While we're on the subject of sensitive areas, is there anything that can be done when the fabric that covers the anatomic foam in ones shorts wears out? Yesterday, after sixty miles in the saddle I felt like my, um, rusty sheriff's badge had been sanded down. My god I'm glad we have nappy cream in the house


----------



## RAYMOND (20 Aug 2012)

Well if your on the bike no one is going to notice , i mean who can see that closely when your cycling at speed.
You could always put a piece of cloth down there,having 2 benifits lol
Don't roll it up though


----------



## e-rider (20 Aug 2012)

dellzeqq said:


> this might be completely off the wall, but.........conditioner?


I think the problem is 'fine' rather than coarse!


----------



## theclaud (20 Aug 2012)

tundragumski said:


> I think the problem is 'fine' rather than coarse!


----------



## dellzeqq (20 Aug 2012)

tweed shorts would, of course, solve the problem.

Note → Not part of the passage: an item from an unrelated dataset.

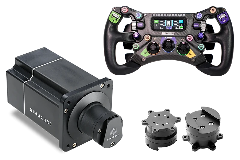 Take your sim racing performance to the next level with the Conspit 300GT Steering Wheel, paired with the Simucube 2 Pro Direct Drive Wheel Base and Simucube Quick Release. This premium bundle delivers unmatched realism, precision, and immersion — perfect for professional driver training, competitive eSports, or home racing simulators.

I confess I have a pair of threequarters which look a lot like this..






and, if a pube had the termerity to see the light of day, the mottled pattern would act as camouflage


----------



## Licramite (22 Aug 2012)

Hi
being ex para the expression going commando to me means two blokes and one ems touching his toes.
but having said that I have no problem being bare arsed , on long tabs skiddys were the first go.
which is fine if your wearing loose clothing, nothing gets wiped against nothing , but if your wearing lycra ?

I wear black y fronts under mine, it will solve the problem of hairs and helps your road holding by stopping those embarrising skids on long journeys.

its got nothing to do with modesty (how can you have any modesty left after doing the dance of the flaming peanuts) its just I want keep the pink padding pink and on rides over several days were you can,t was your kit out, - well it just means no one objects to you being at the head of the pack.


----------



## Acyclo (23 Aug 2012)

http://www.amazon.co.uk/Veet-Men-Ha...NQBK/ref=sr_1_1?ie=UTF8&qid=1345720256&sr=8-1


----------



## Chris-H (23 Aug 2012)

I could always ask the mrs where she gets her kecks from,chest high and secure as hell,nothing gets in and nothing gets out


----------



## e-rider (29 Aug 2012)

new Assos Uno shorts just arrived - original problem solved - bank balance now in trouble!

Made use of the PrimeraSports 20% off weekend - still spent £90 though - but OMG what quality! Not sure I'll ever be able to go back to roughin-it with Altura's again!


----------



## Licramite (29 Aug 2012)

I,m sticking to £8 for 3 black cotton Y fronts from M&Coy - and cheep chinese lycra


----------



## phil_hg_uk (29 Aug 2012)

tundragumski said:


> new Assos Uno shorts just arrived - original problem solved - bank balance now in trouble!
> 
> Made use of the PrimeraSports 20% off weekend - still spent £90 though - but OMG what quality! Not sure I'll ever be able to go back to roughin-it with Altura's again!


 
What is the sizing like on the assos shorts ?


----------



## e-rider (29 Aug 2012)

phil_hg_uk said:


> What is the sizing like on the assos shorts ?


for such expensive products the Assos size guide is really poor. It is mainly based on overall height and I found the shorts to come out a bit on the small side, but they are primarily made for skinny racing types. I ended up with one size larger than I would take in Altura shorts; so pretty much like Santini and other Italian brand sizing.
Assos shorts are definitely not made for short fat people! The max waist size made is 38" but that comes with a lot of length so you'll need to be well over 6' tall too.


----------



## Robeh (29 Aug 2012)

what a load of *ollocks this tread brightened my day


----------